● Exercise data:
────
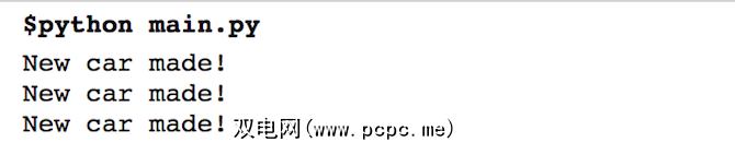 class Vehicle: """ This class defines vehicles. """ def __init__(self, color='plain'): """ Setup some custom car properties """ print('New car made!') self.color = colorred_car = Vehicle()green_car = Vehicle()blue_car = Vehicle()请特别注意此 __ init __ 方法。它必须以两个下划线开头和结尾。这是Python中的一种特殊方法。创建新对象时会自动调用它。运行此代码将多次显示“ New car made!"字样。
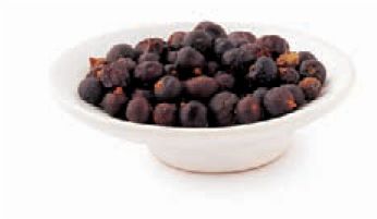 These hard berries are blue to purple in colour when ripened, and are used to flavour gin, game, pork and pâtés. Juniper is popular in German dishes such as sauerkraut and preserves. The flavour is slightly pine scented. Crush the berries lightly before use.
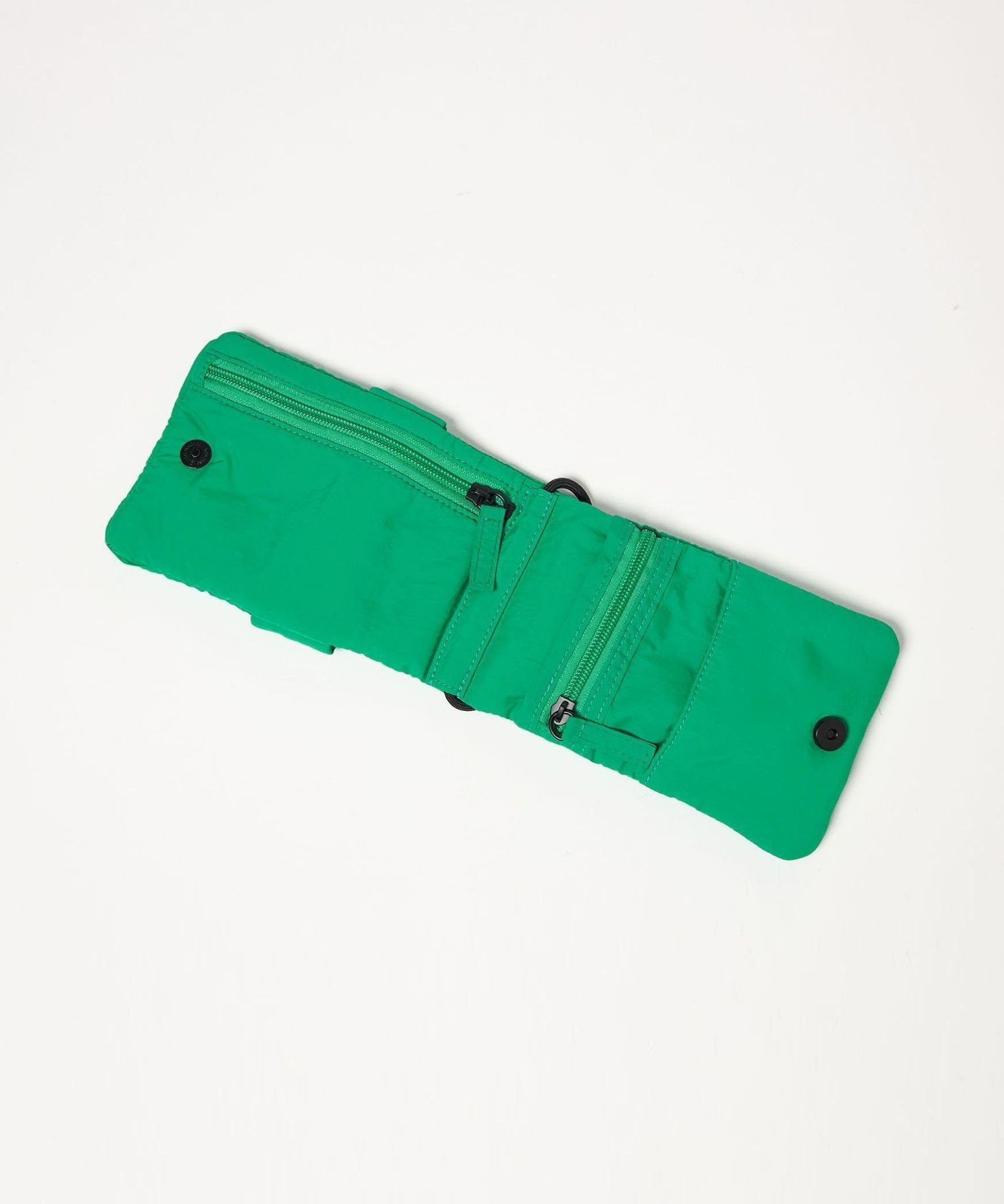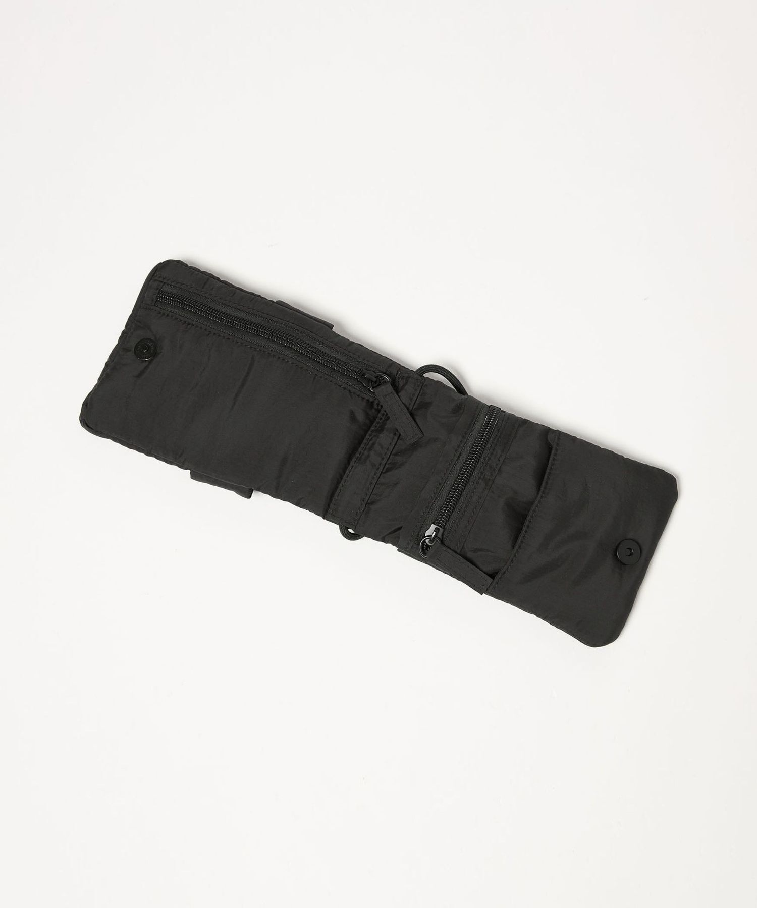 包內一側配有可直向放入手機的翻蓋口袋與拉鍊口袋;另一側則為整面拉鍊口袋設計,大小可放入卡夾等隨身小物。
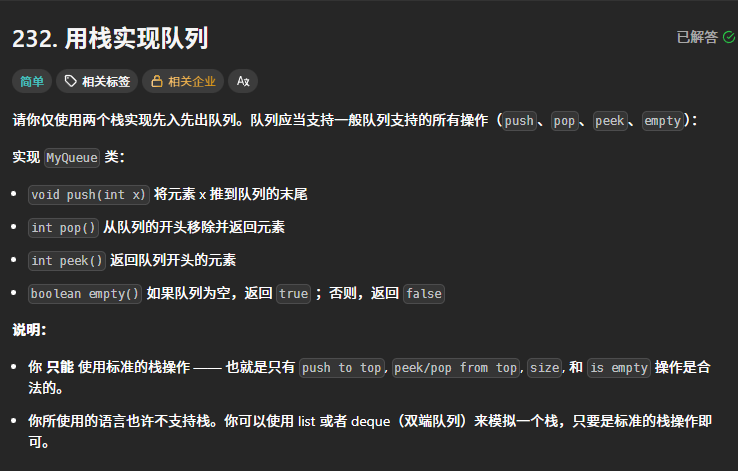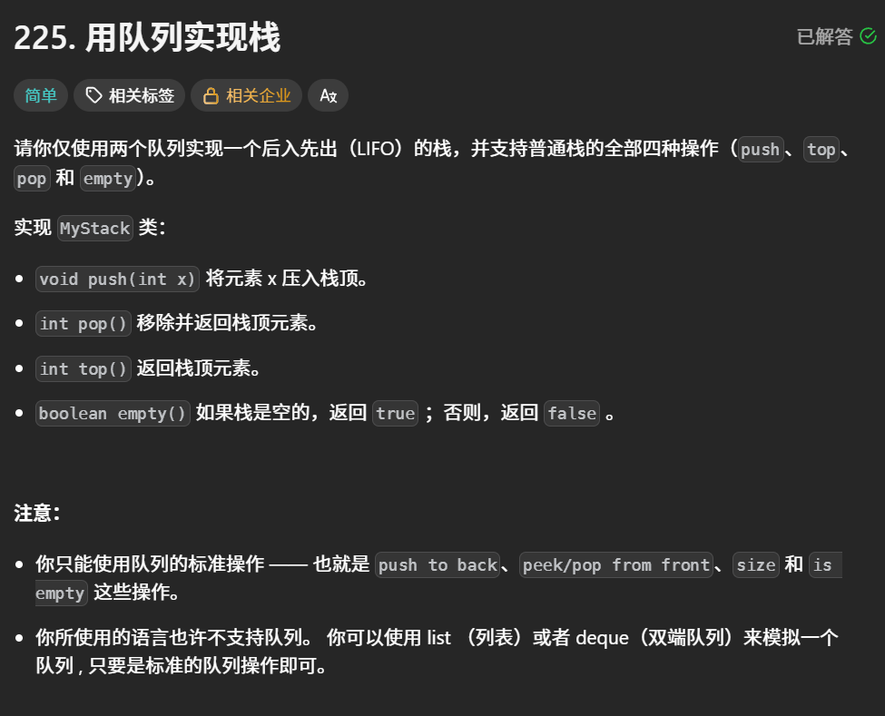 python里栈和队列似乎都没有具体的实现(collections.deque之外),这里更多的是想清楚思路做题,期待
────
● Work order:
Every line above should be returned exactly; the pictures stay out.

● Written solution:
 class Vehicle: """ This class defines vehicles. """ def __init__(self, color='plain'): """ Setup some custom car properties """ print('New car made!') self.color = colorred_car = Vehicle()green_car = Vehicle()blue_car = Vehicle()请特别注意此 __ init __ 方法。它必须以两个下划线开头和结尾。这是Python中的一种特殊方法。创建新对象时会自动调用它。运行此代码将多次显示“ New car made!"字样。
 These hard berries are blue to purple in colour when ripened, and are used to flavour gin, game, pork and pâtés. Juniper is popular in German dishes such as sauerkraut and preserves. The flavour is slightly pine scented. Crush the berries lightly before use.
 包內一側配有可直向放入手機的翻蓋口袋與拉鍊口袋;另一側則為整面拉鍊口袋設計,大小可放入卡夾等隨身小物。
 python里栈和队列似乎都没有具体的实现(collections.deque之外),这里更多的是想清楚思路做题,期待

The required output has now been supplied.